Keywords: chemotherapy, glioblastoma multiforme, radiotherapy, spinal cord, surgery
1. Introduction
Spinal cord tumors represent 6% to 8% of all central nervous system tumors combined and are relatively rare compared to intracranial neoplasms.[1] Primary spinal glioblastoma multiforme (GBM), World Health Organization (WHO) classification grade IV, is a highly malignant tumor with median survival rates around only 14 months from diagnosis with comprehensive treatment.[2,3] This malignant tumor type accounts for approximately 7.5% of all intramedullary gliomas and only 1.5% of all spinal cord tumors.[4–6] Primary spinal GBM has a predilection to develop at the cervical and thoracic regions; however, conus medullaris tumors do infrequently occur.[7,8]

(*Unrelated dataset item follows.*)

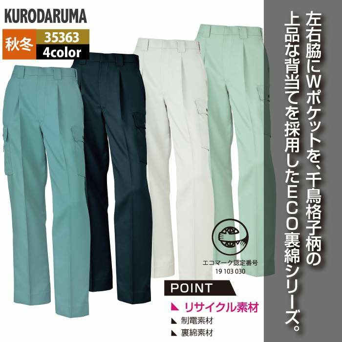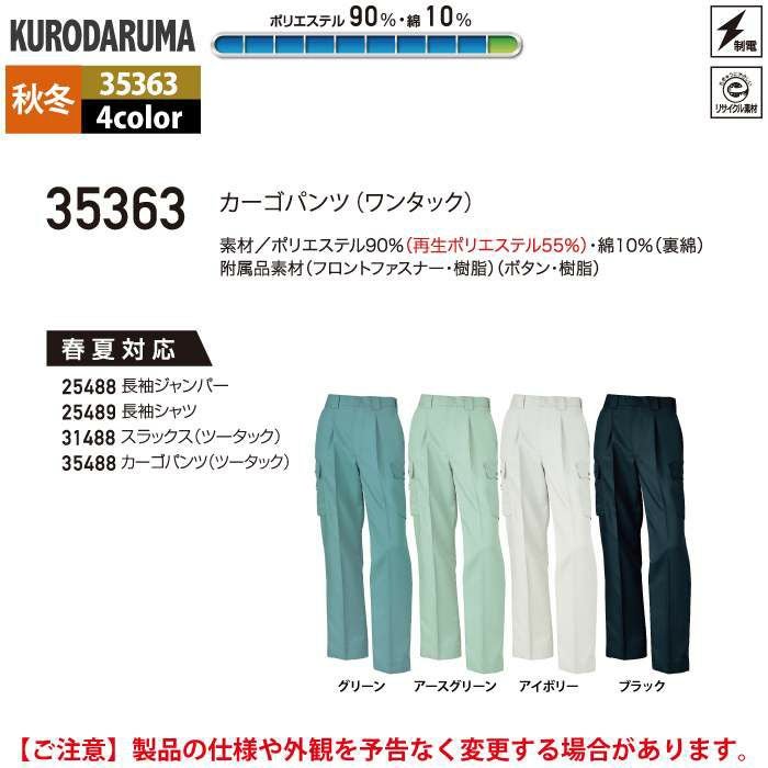 作業服 作業着 クロダルマ 作業服 秋冬用 35363 カーゴパンツ(ワンタック) 70-88

Up until now, perhaps because of the low incidence of primary spinal cord GBM, fewer than 200 cases have been reported in the medical literature. Reports are necessarily limited to single-case studies and small-number case series. It is, therefore, not surprising that little is known about the clinical characteristics and treatment protocols of this devastating malignancy. The aim of this paper is to present a case of primary spinal GBM as well as to summarize and, via review of the relevant literature, update information on the clinical characteristics, radiologic features, and treatment protocols for this rare disease.
2. Case report
A 15-year-old girl presented in clinic, reporting a 3-month history of progressive numbness and weakness in her left upper extremity as well as neck pain for 1 month. On neurological examination, cranial nerves were intact. Her motor examination showed 5/5 strength throughout with the exception of the left upper extremity, which was 3/5 at the flexors and extensors. Sensory examination was significant for decreased sensation in the upper extremities along the C5, C6, and C7 dermatomes. There were no neurologic abnormalities of the lower extremities. The patient's medical history did not reveal any notable events.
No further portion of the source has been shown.